Arbour Hill House And Attached Screen Walls, Dovecote And Summer House is a Grade II listed building in the North Yorkshire local planning authority area, England. First listed on 13 February 1967. House. 3 related planning applications.
Arbour Hill House And Attached Screen Walls, Dovecote And Summer House
- WRENN ID
- errant-jamb-bistre
- Grade
- II
- Local Planning Authority
- North Yorkshire
- Country
- England
- Date first listed
- 13 February 1967
- Type
- House
- Source
- Historic England listing
Description
Arbour Hill House is a farmhouse, now a house, dating to around 1760. It was built for Robert Conyers Darcy, Earl of Holderness, of Hornby Castle. The building is constructed of sandstone ashlar, with roofs of concrete interlocking tiles and pantiles.
The main house is two storeys high, with three-storey end pavilions, arranged in a 1:1:3:1:1 bay arrangement, the central three bays projecting as a canted bay to both the front and rear. A plinth runs along the base. The ground floor features an arcade of round arches, with recessed blocking except for a doorway in the first bay, a round-arched sash window with thick glazing bars in the fourth bay, a door with a radial fanlight in the sixth bay, and a 20th-century window in the seventh bay. An impost band runs above the ground floor. The first floor has square window openings with flat arches, blind except for a central six-pane sash window. The end pavilions each have a blind oculus on the second floor. An eaves band runs across the front of the house and continues as a second-floor band on the pavilions. The end pavilions have pyramidal roofs, while the canted bays have semi-hexagonal roofs. A concrete interlocking tile roof covers the main section of the house. A central octagonal chimney rises from the roof ridge.
Attached to the main house are single-storey screen walls, each containing a doorway with a plain surround. To the left is a two-storey dovecote with a boarded door in a plain surround with a keyed lintel on the ground floor, a first-floor band, projecting ledges for birds to alight on, and a pyramidal roof. To the right is a two-storey summer house with a first-floor band and a pyramidal roof.
The rear of the house shows a similar ground-floor round arcade with recessed blocking, round-arched sash windows with glazing bars in the first, sixth and seventh bays, and a part-glazed door with a fanlight in the fourth bay. The rest of the ground-floor bays are blind. The first floor has unequally-hung 12-pane sash windows in the first, second, fourth, sixth and seventh bays. Second-floor oculi are present in the end pavilions. The rear of the summer house and dovecote also features a blind oculus set into the first-floor band.
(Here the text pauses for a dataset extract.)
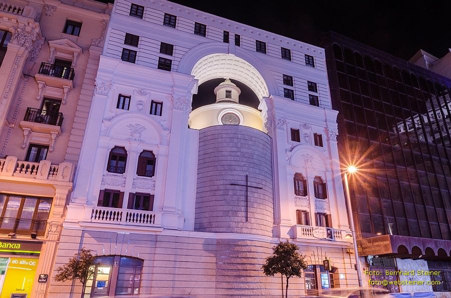 An der Gran Vía 17 ist die Rückseite des 'Real Oratorio del Caballero de Gracia' zu sehen. Der Entwurf der Fassade an die Gran Vía - zwei symmetrischen Körper und ein großes Fenster in der Mitte - stammt von dem Architekten Carlos Luque aus dem Jahr 1916.

The left return of the dovecote has an oculus set into the band; the right return has a boarded door in a plain surround with a keyed lintel on the ground floor, and a first-floor doorway above. The left return of the summer house has two doorways with plain surrounds and keyed lintels on the ground floor, one part-blocked to the left, and a part-glazed door to the right; the right return has a blind oculus set into the first-floor band.
The interior of the house features round arches in the walls of the ground-floor front room in the canted bay. In the sixth bay, there's an 18th-century open well staircase with stick balusters. The house is of a similar design to Street House in Ainderby Mires, which is constructed of brick.